═════ Source data
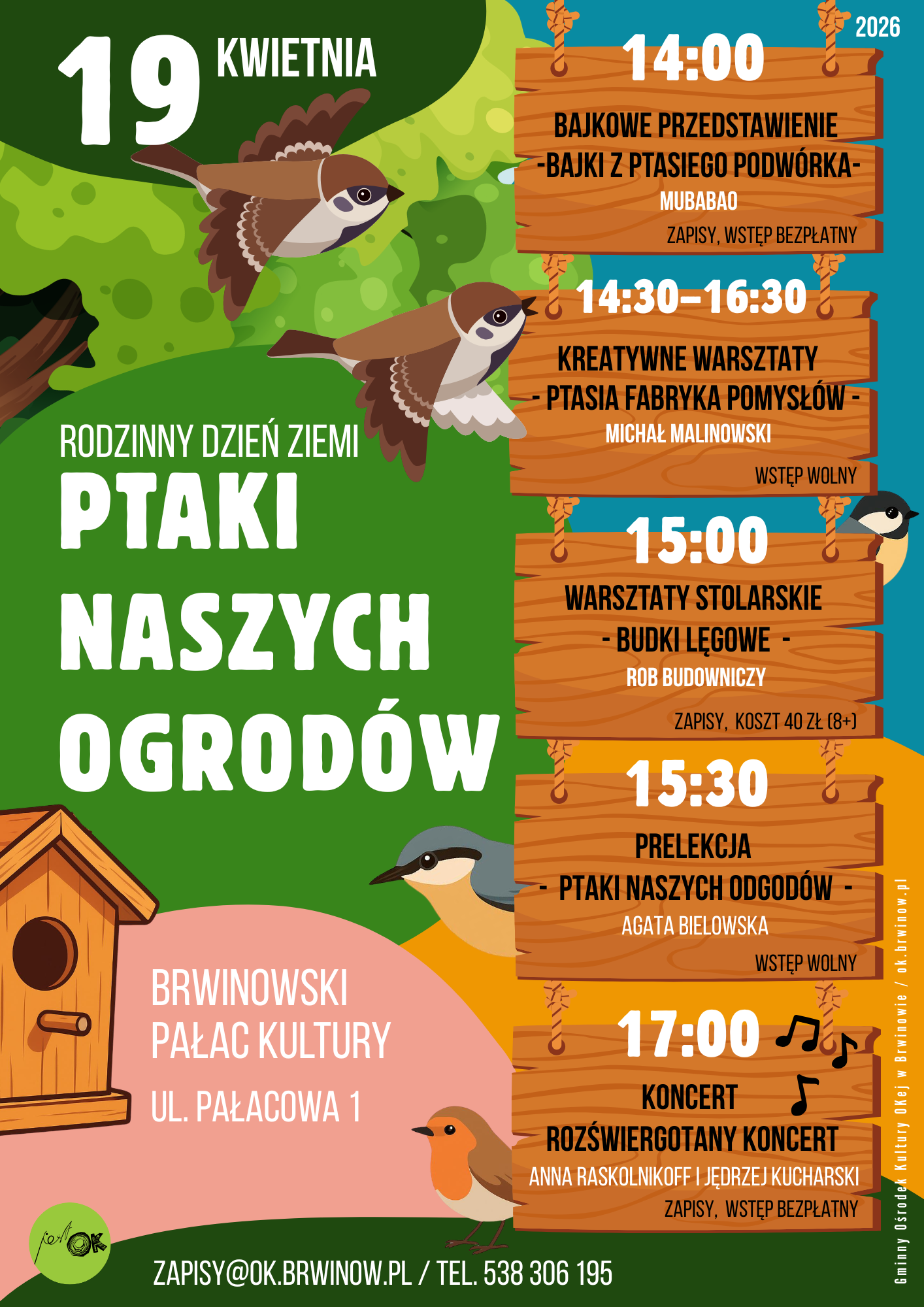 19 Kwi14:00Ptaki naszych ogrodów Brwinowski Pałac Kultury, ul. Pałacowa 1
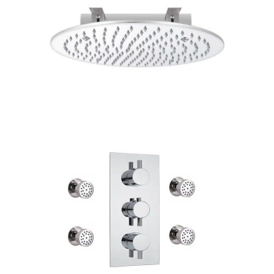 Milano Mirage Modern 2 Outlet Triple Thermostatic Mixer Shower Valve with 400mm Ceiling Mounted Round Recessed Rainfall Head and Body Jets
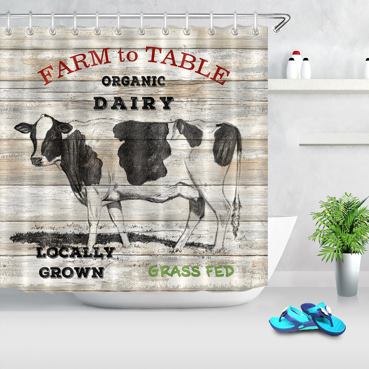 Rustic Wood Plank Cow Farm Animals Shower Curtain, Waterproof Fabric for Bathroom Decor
══════════
═════ Source data
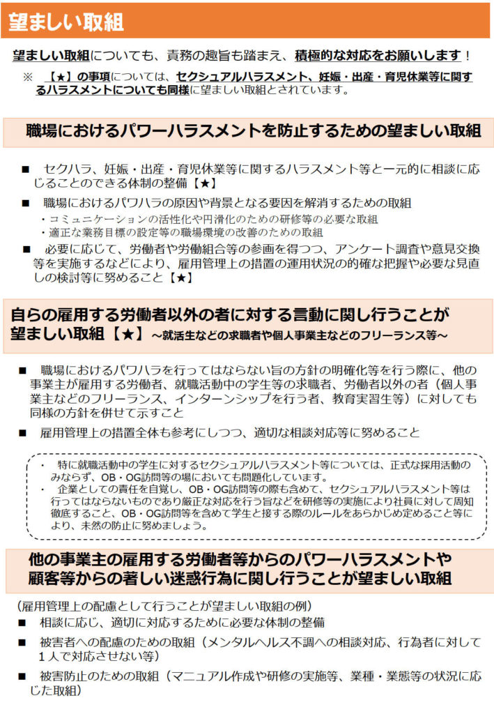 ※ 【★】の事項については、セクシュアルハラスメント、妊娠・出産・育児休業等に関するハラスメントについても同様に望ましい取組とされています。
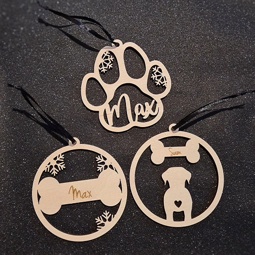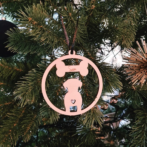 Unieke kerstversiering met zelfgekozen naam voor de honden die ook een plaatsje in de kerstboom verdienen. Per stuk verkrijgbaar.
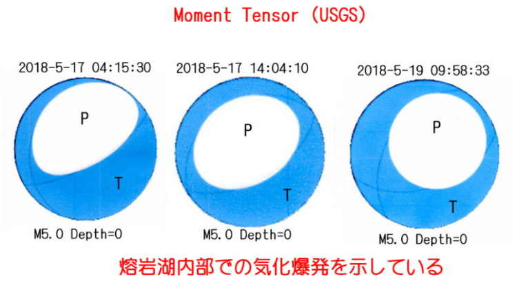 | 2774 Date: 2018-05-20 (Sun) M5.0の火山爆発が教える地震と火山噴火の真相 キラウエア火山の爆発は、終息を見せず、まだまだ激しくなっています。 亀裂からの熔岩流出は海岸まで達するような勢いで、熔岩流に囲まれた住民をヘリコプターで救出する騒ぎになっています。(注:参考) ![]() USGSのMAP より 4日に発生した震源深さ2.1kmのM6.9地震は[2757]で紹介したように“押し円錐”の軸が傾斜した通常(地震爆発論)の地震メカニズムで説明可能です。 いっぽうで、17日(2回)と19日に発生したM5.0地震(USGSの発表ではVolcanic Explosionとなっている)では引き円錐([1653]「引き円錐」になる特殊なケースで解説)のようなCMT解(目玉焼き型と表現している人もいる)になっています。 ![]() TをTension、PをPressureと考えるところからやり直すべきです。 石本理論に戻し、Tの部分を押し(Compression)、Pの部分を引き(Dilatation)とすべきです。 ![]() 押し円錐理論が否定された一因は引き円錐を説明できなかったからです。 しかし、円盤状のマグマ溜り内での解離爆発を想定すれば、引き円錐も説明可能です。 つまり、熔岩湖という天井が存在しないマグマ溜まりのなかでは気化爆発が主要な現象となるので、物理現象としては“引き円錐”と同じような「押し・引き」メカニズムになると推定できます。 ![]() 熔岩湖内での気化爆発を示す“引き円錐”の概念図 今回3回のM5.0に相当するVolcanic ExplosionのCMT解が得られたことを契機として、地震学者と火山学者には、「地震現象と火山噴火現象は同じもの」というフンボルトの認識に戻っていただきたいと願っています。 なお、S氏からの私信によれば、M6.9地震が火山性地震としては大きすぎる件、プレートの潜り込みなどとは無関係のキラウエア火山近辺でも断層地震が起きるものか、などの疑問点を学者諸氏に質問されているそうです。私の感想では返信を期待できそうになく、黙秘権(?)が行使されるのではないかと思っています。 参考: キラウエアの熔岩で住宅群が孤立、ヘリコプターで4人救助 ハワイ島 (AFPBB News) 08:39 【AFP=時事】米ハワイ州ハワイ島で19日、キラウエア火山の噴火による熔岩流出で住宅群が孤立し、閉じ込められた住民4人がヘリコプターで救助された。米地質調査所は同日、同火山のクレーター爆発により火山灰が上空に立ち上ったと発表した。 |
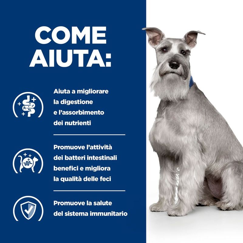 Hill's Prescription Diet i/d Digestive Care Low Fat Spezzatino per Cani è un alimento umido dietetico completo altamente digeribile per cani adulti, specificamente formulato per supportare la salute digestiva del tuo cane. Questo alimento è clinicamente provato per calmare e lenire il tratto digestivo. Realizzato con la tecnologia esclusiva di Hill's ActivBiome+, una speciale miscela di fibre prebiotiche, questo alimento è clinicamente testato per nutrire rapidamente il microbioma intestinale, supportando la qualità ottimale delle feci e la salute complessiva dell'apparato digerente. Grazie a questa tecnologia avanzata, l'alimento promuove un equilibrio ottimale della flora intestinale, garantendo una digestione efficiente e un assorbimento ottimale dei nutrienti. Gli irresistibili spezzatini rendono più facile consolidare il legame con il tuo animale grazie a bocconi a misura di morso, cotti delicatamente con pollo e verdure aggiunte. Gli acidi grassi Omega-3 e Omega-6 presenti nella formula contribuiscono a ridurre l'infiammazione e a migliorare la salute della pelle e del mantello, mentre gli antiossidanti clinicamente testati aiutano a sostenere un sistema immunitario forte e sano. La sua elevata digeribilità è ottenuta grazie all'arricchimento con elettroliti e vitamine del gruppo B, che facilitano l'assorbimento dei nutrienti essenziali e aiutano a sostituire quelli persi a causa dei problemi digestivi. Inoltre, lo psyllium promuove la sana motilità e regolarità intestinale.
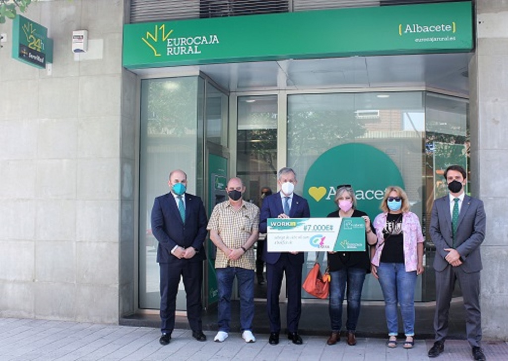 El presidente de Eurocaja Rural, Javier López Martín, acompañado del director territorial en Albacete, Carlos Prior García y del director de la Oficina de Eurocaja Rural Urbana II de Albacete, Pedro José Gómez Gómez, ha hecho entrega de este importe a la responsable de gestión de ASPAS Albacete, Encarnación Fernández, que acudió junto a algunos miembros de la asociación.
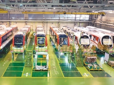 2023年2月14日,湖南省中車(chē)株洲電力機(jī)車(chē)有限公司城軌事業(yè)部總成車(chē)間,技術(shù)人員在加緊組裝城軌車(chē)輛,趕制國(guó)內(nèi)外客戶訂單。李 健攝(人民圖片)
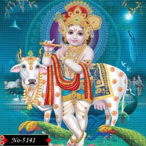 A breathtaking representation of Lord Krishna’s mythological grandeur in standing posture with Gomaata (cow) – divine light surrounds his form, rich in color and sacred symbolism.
══════════
### What you will do:
Go to the line above that contains "Milano Mirage Modern" and reproduce everything exactly from there through the line that contains "Rustic Wood Plank", leaving out the pictures.

### Response to the exercise:
 Milano Mirage Modern 2 Outlet Triple Thermostatic Mixer Shower Valve with 400mm Ceiling Mounted Round Recessed Rainfall Head and Body Jets
 Rustic Wood Plank Cow Farm Animals Shower Curtain, Waterproof Fabric for Bathroom Decor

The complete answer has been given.